Leszek Małecki & Michalina Wojacka

Małecki Legal

Legal due diligence and its role in VC investments

What is due diligence? 

Due diligence allows investors to evaluate potential investment opportunities, assess risks, validate information, prepare to negotiate terms, and ultimately make well-informed investment decisions.

Typically, the due diligence process starts with business due diligence. This involves examining the company’s business model, financial performance, team, market opportunities, competitive environment, and potential for growth. 

If the results of the business due diligence are satisfactory, legal due diligence will usually be the next step. In the course of the legal due diligence, the investors (usually with their legal advisors) analyze the company's legal affairs, including corporate matters, contracts, liabilities, intellectual property, regulatory compliance, pending litigation, and other legal aspects relevant to a given deal. 

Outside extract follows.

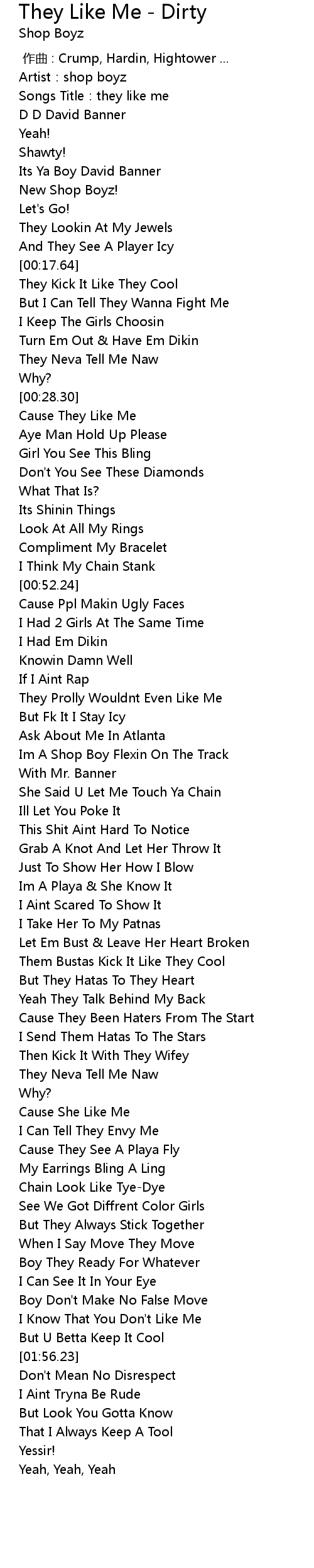 | [01:12.59] | She Said U Let Me Touch Ya Chain |

In practice, the investor’s advisors present a list of inquiries, which the company addresses by providing the relevant documents and information in a secure platform or via the cloud (a virtual data room). These are then reviewed by the investor’s advisors. This initial analysis is usually followed by a Q&A exchange between the investor’s and the company’s teams. As a summary of the evaluation, the investor’s advisors prepare a due diligence report describing the major legal aspects, identified risks (if any), recommendations on mitigating the risks (prior to or after the transaction), and potential showstoppers.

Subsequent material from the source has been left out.